• _Directions for this task_
Copy every record exactly as it stands. Leave the pictures out.

• _Record set_
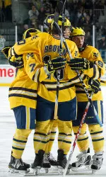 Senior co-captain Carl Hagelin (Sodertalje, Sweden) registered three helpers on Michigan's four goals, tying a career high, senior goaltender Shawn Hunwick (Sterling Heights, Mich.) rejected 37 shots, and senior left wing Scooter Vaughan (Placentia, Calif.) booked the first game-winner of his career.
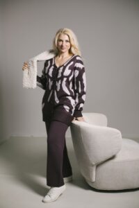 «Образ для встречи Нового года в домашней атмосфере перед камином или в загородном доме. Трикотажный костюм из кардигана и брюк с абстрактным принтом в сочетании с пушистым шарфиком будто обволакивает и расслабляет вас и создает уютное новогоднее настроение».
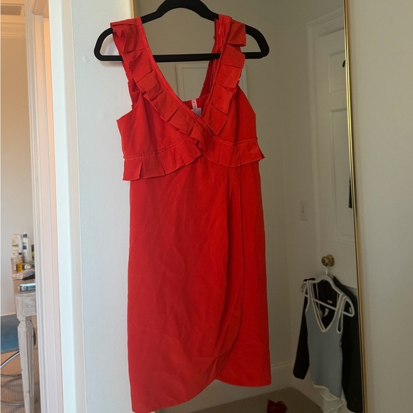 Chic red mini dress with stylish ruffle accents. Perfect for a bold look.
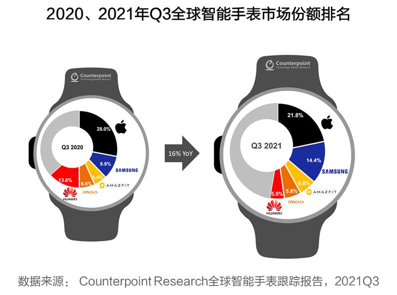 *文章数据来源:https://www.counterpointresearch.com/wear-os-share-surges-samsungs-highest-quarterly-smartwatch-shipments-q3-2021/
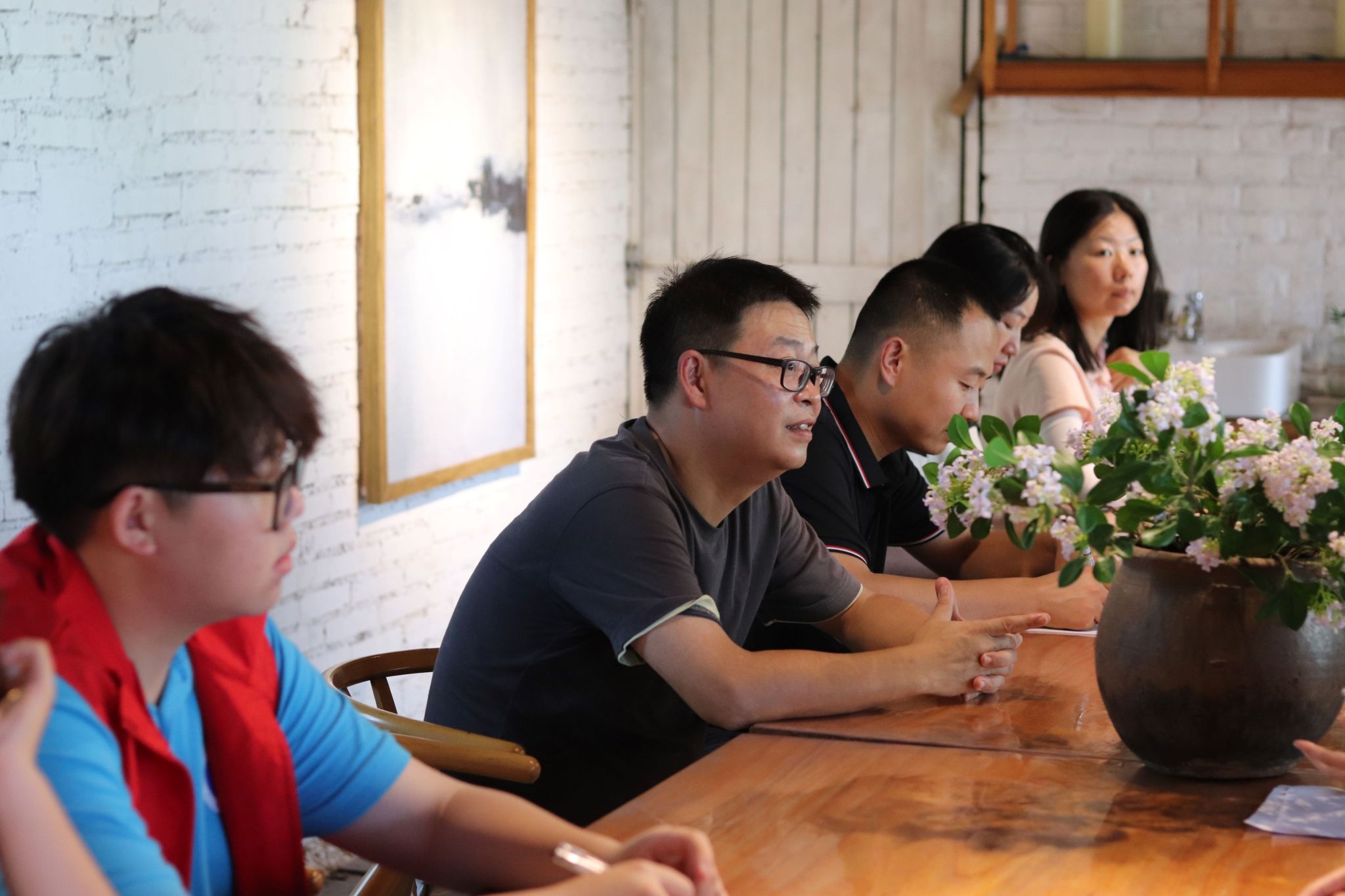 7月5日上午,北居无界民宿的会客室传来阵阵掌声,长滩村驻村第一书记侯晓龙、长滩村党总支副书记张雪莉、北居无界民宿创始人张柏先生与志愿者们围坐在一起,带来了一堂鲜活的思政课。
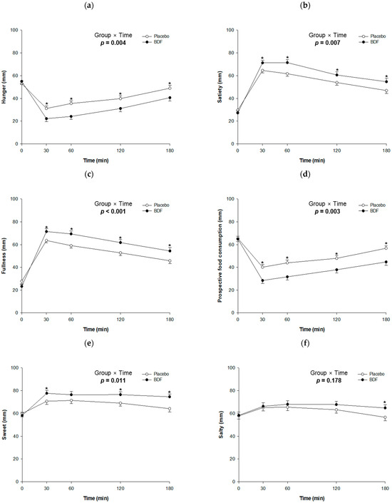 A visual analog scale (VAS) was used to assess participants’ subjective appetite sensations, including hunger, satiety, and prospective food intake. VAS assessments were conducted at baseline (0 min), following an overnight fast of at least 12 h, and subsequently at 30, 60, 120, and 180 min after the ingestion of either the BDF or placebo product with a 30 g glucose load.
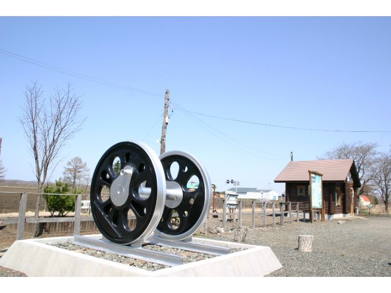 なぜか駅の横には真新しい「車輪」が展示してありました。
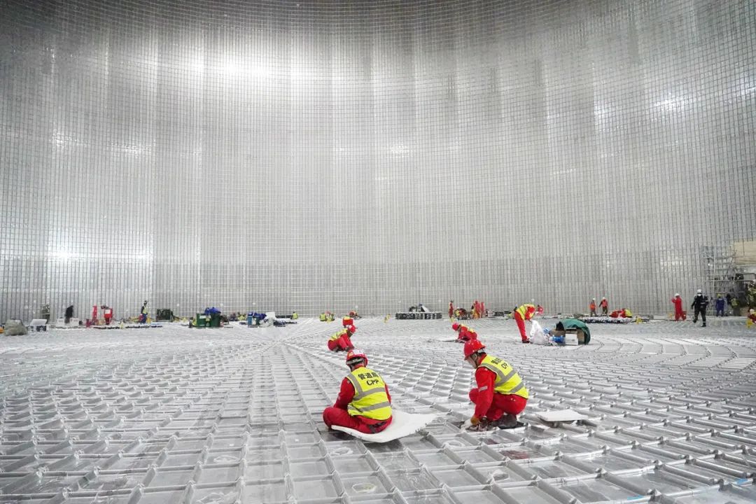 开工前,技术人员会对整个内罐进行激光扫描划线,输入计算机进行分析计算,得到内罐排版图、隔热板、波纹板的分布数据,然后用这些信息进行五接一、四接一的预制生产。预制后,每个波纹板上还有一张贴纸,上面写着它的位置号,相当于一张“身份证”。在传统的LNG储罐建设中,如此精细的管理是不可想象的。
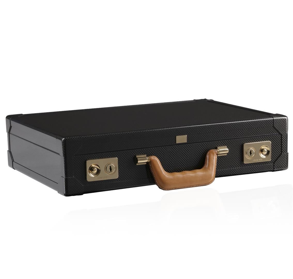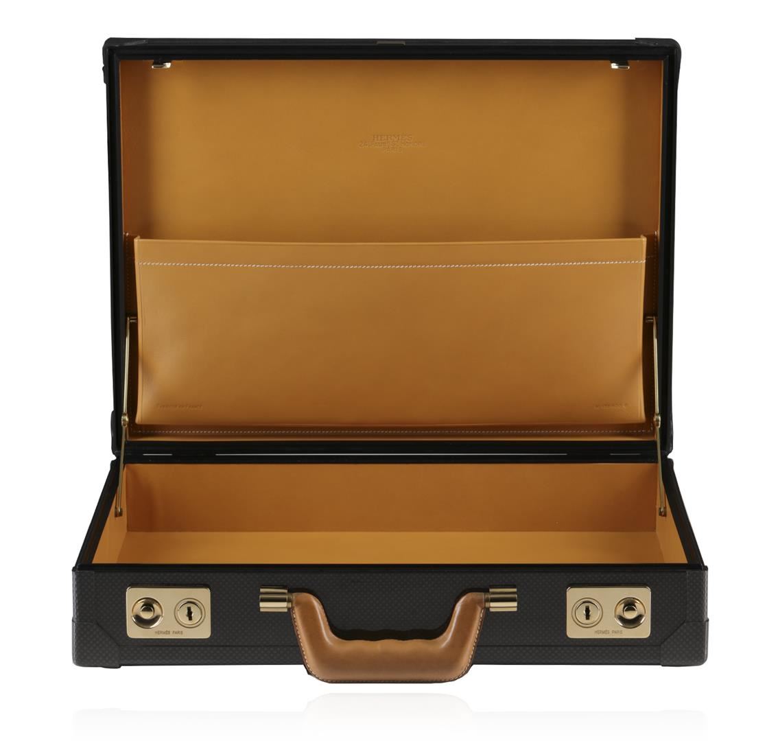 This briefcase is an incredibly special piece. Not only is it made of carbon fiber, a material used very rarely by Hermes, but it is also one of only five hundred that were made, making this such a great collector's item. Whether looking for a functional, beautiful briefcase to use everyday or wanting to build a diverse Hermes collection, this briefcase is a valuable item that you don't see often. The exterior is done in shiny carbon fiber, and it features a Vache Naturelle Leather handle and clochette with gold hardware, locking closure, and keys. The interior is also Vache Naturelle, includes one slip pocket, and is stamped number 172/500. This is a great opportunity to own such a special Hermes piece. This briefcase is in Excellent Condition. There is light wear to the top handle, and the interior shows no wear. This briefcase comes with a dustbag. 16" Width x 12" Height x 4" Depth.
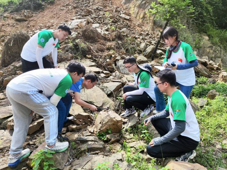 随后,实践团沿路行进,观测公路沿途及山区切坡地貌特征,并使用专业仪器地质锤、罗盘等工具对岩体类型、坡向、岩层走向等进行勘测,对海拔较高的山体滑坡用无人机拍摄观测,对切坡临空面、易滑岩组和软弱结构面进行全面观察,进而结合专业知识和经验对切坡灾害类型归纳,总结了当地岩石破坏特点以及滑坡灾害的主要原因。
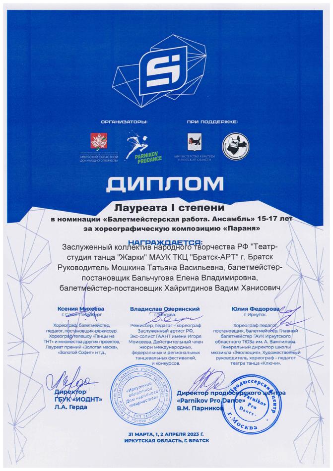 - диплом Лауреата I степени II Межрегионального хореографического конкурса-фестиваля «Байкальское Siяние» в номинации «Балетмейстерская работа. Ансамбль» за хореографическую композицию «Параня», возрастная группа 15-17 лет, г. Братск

• _Expected answer_
 Senior co-captain Carl Hagelin (Sodertalje, Sweden) registered three helpers on Michigan's four goals, tying a career high, senior goaltender Shawn Hunwick (Sterling Heights, Mich.) rejected 37 shots, and senior left wing Scooter Vaughan (Placentia, Calif.) booked the first game-winner of his career.
 «Образ для встречи Нового года в домашней атмосфере перед камином или в загородном доме. Трикотажный костюм из кардигана и брюк с абстрактным принтом в сочетании с пушистым шарфиком будто обволакивает и расслабляет вас и создает уютное новогоднее настроение».
 Chic red mini dress with stylish ruffle accents. Perfect for a bold look.
 *文章数据来源:https://www.counterpointresearch.com/wear-os-share-surges-samsungs-highest-quarterly-smartwatch-shipments-q3-2021/
 7月5日上午,北居无界民宿的会客室传来阵阵掌声,长滩村驻村第一书记侯晓龙、长滩村党总支副书记张雪莉、北居无界民宿创始人张柏先生与志愿者们围坐在一起,带来了一堂鲜活的思政课。
 A visual analog scale (VAS) was used to assess participants’ subjective appetite sensations, including hunger, satiety, and prospective food intake. VAS assessments were conducted at baseline (0 min), following an overnight fast of at least 12 h, and subsequently at 30, 60, 120, and 180 min after the ingestion of either the BDF or placebo product with a 30 g glucose load.
 なぜか駅の横には真新しい「車輪」が展示してありました。
 开工前,技术人员会对整个内罐进行激光扫描划线,输入计算机进行分析计算,得到内罐排版图、隔热板、波纹板的分布数据,然后用这些信息进行五接一、四接一的预制生产。预制后,每个波纹板上还有一张贴纸,上面写着它的位置号,相当于一张“身份证”。在传统的LNG储罐建设中,如此精细的管理是不可想象的。
 This briefcase is an incredibly special piece. Not only is it made of carbon fiber, a material used very rarely by Hermes, but it is also one of only five hundred that were made, making this such a great collector's item. Whether looking for a functional, beautiful briefcase to use everyday or wanting to build a diverse Hermes collection, this briefcase is a valuable item that you don't see often. The exterior is done in shiny carbon fiber, and it features a Vache Naturelle Leather handle and clochette with gold hardware, locking closure, and keys. The interior is also Vache Naturelle, includes one slip pocket, and is stamped number 172/500. This is a great opportunity to own such a special Hermes piece. This briefcase is in Excellent Condition. There is light wear to the top handle, and the interior shows no wear. This briefcase comes with a dustbag. 16" Width x 12" Height x 4" Depth.
 随后,实践团沿路行进,观测公路沿途及山区切坡地貌特征,并使用专业仪器地质锤、罗盘等工具对岩体类型、坡向、岩层走向等进行勘测,对海拔较高的山体滑坡用无人机拍摄观测,对切坡临空面、易滑岩组和软弱结构面进行全面观察,进而结合专业知识和经验对切坡灾害类型归纳,总结了当地岩石破坏特点以及滑坡灾害的主要原因。
 - диплом Лауреата I степени II Межрегионального хореографического конкурса-фестиваля «Байкальское Siяние» в номинации «Балетмейстерская работа. Ансамбль» за хореографическую композицию «Параня», возрастная группа 15-17 лет, г. Братск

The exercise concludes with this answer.